Guadeloupean art historian

Claire Tancons is a curator, critic, and historian of art. She was born in Guadeloupe and is currently based in Paris, after living for nearly two decades between the Caribbean, primarily in Trinidad & Tobago, and the United States, mostly in New York and New Orleans.

==Education==

Following a background in history at Lycée Henri-IV's Hypochartes (preparatory course for the École des Chartes, one of France's Grandes Écoles), Tancons completed a BA in History of Art (1998) and MA in Museum Studies (1999) at the École du Louvre in Paris, and in 2000 received an MA in History of Art at the Courtauld Institute of Art in London. She was a Helena Rubenstein Curatorial Fellow at the Whitney Museum of American Art's Independent Study Program in New York City from 2000 to 2001.

==Career==

===Early work===

In her early years in New York City, following the Whitney fellowship, Tancons worked as a personal assistant and curatorial research assistant for artist Coco Fusco on the exhibition Only Skin Deep: Changing Visions of the American Self (2003).

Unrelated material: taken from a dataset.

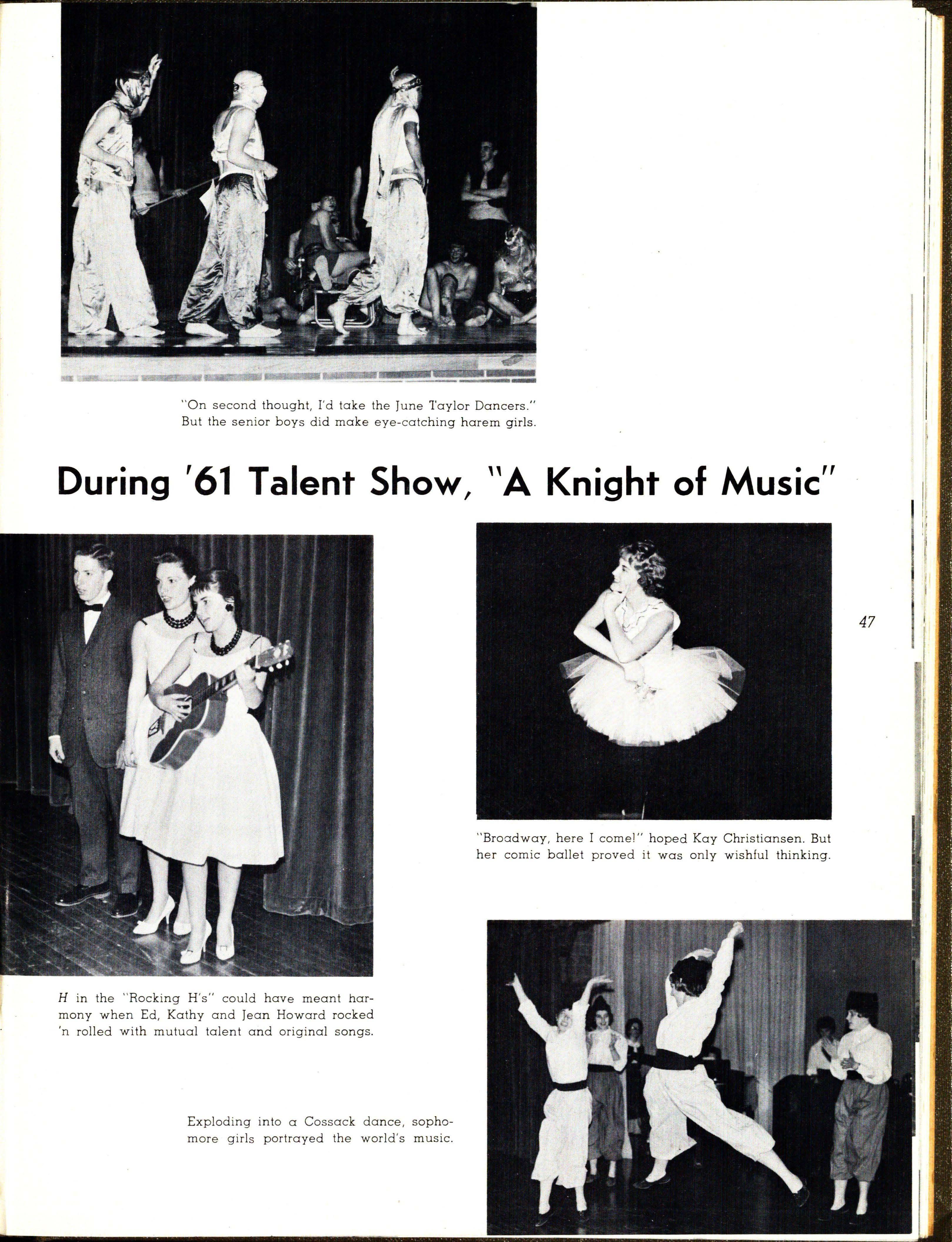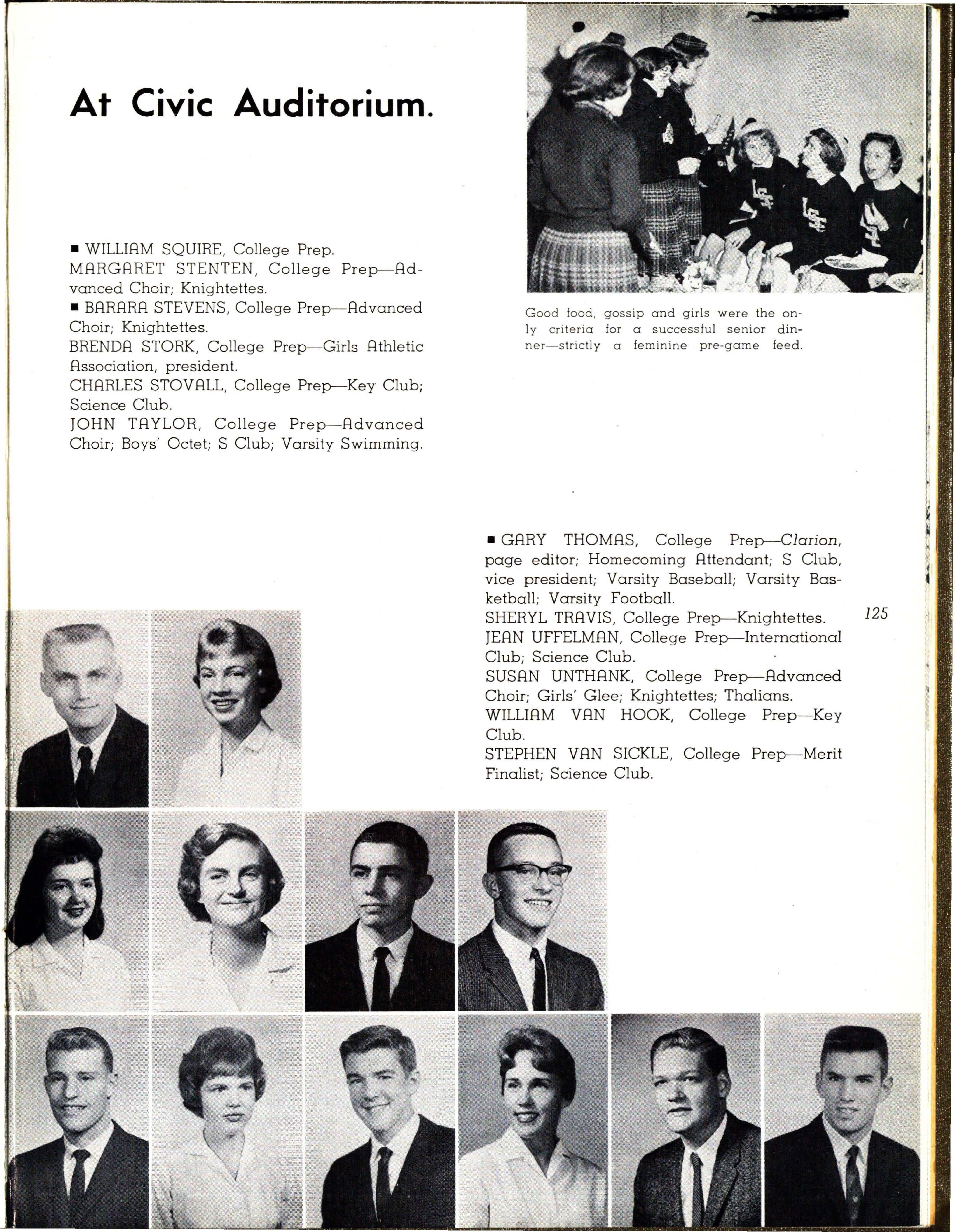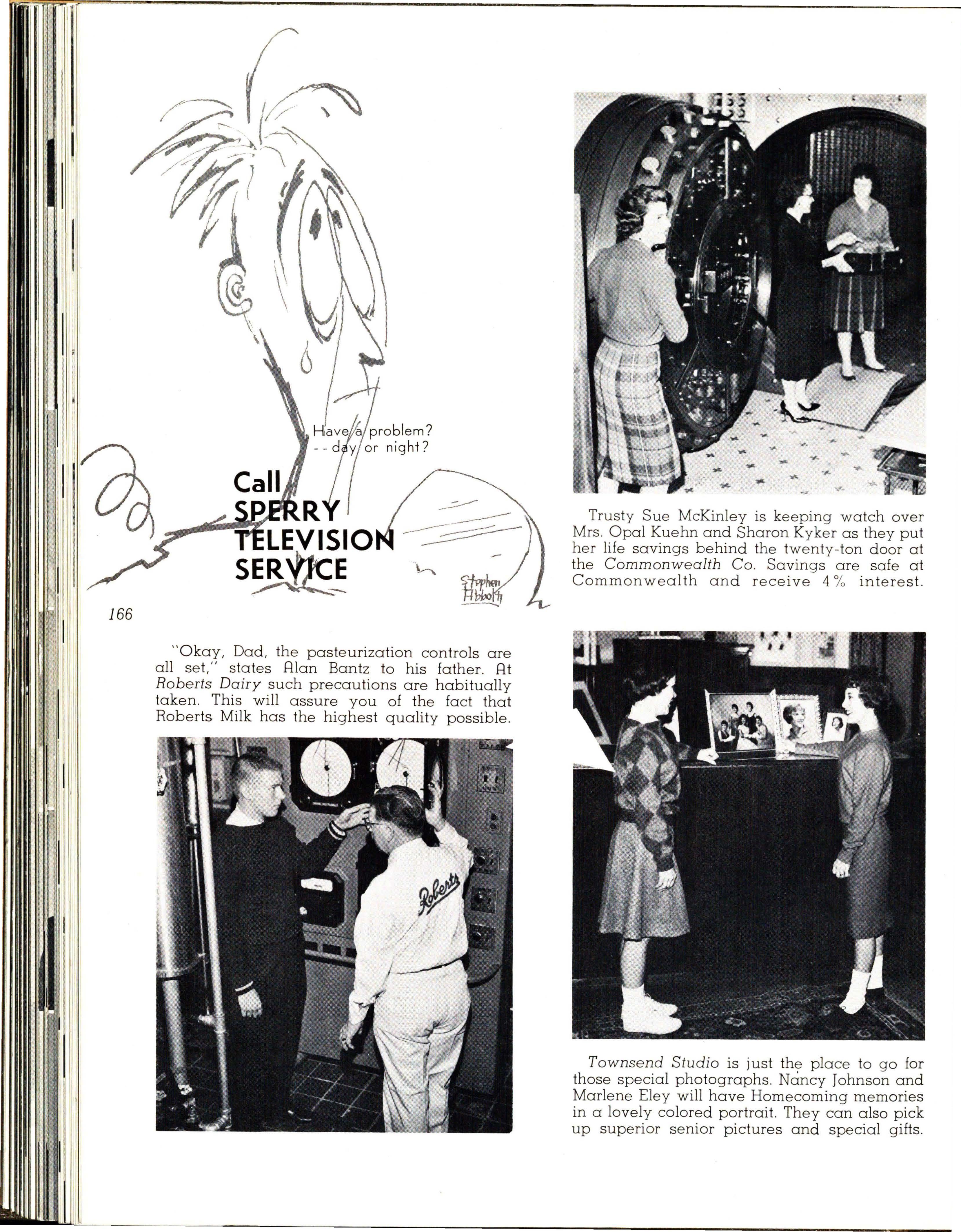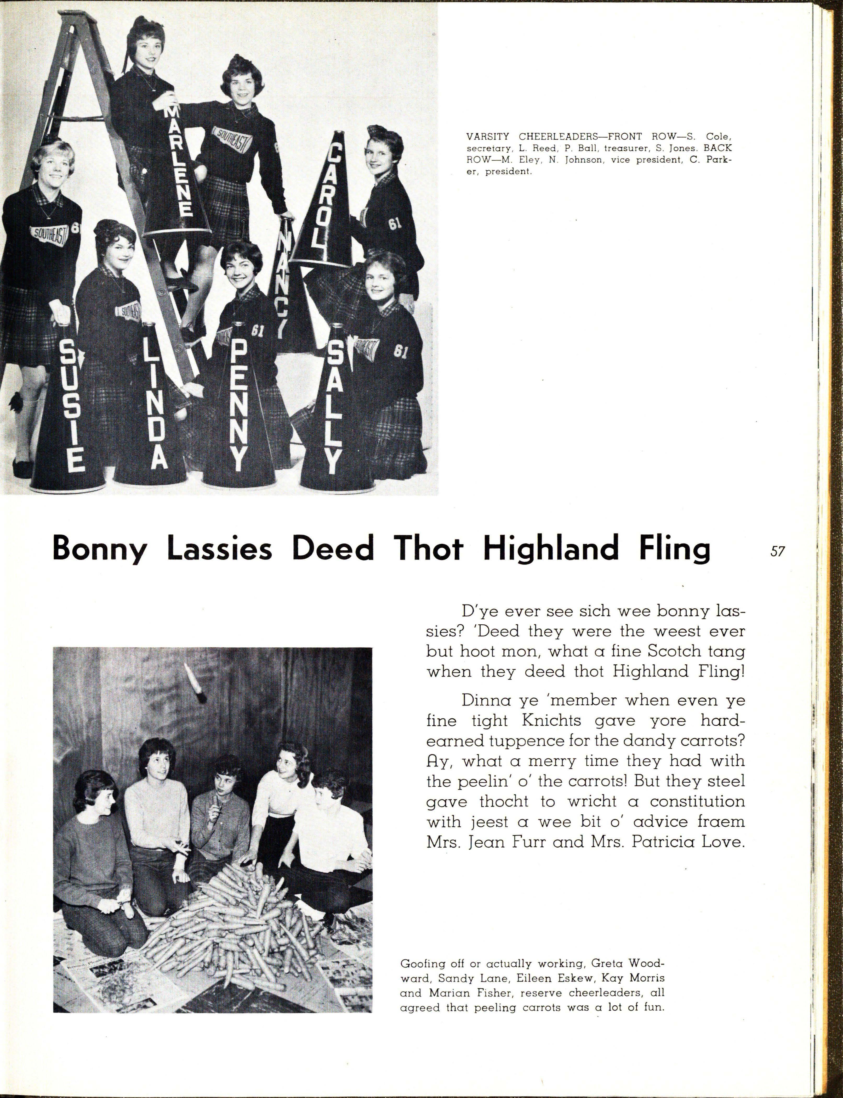 S h otgu n Sl ade and his fair mai d ro bb i ng a bank? No , it is just Dav e F rank and Ann Yos t inspecting the n ew change machi n e purchased by the Student C ouncil. Soon the crowd will storm this booth demanding Kn ig ht pennants so Bobby Harris , Dorothy Yost an d Bob Sakai h urriedly set up s h op and prepare to handle t h e mob.Design built on lines tied the 1961 SHIELD together to make a themeless but uniform book . The newly adopted academic section along with carefully selected type and artistic designs characterized this year's book.

She also became involved with Lorna Simpson, with the artist featuring Tancons in her video work 31 (2002). She subsequently did a one-year curatorial fellowship at the Walker Art Center, where she assisted with the major exhibition How Latitudes Become Forms: Art in a Global Age, curated by Philippe Vergne, Douglas Fogle, and Kemi Ilesanmi.

Increasingly interested in performance art, Tancons curated the first solo exhibitions in New York City for South African artist Robin Rhode and choreographer Ralph Lemon, both of whom she met while at the Walker Art Center: Robin Rhode: The Score (Artists Space, New York City, 2004), and Ralph Lemon: (The efflorescence of) Walter (The Kitchen, New York City, 2007), co-curated with Anthony Allen and later traveling in expanded form to the Contemporary Arts Center (New Orleans). During this time, Tancons also did a brief stint at Paula Cooper Gallery, where she curated the Paul D. Miller (DJ Spooky) exhibition Path is Prologue (2004), based on his multimedia performance piece DJ Spooky's Rebirth of a Nation.

===Carnival and Processional Performance===

Tancons' work of the past decade has focused on histories and contemporary practices of carnival and processional performance – particularly among the African diaspora – as well as public ceremonial culture, civic ritual, and popular protest movements. Tancons has notably postulated an alternative genealogy of performance art that is routed in Africa, its diaspora, and the legacy of slavery rather than in the European avant-garde. Her curatorial work has gained recognition for exploring ways of curating outside traditional exhibitory modes - namely, procession, carnival, the second line, walking, marching, parading, and other forms of public ceremony - and for popularizing the term and practice of processional performance. She has also contributed to the anti-capitalism discourse following the Occupy movement and other protest movements, incorporating protest into her curatorial approach and reclaiming, in her words, the "rebellious potential" of the carnavalesque - "as a medium of emancipation and a catalyst for civil disobedience" - in writings such as "Occupy Wall Street: Carnival Against Capital? Carnivalesque as Protest Sensibility."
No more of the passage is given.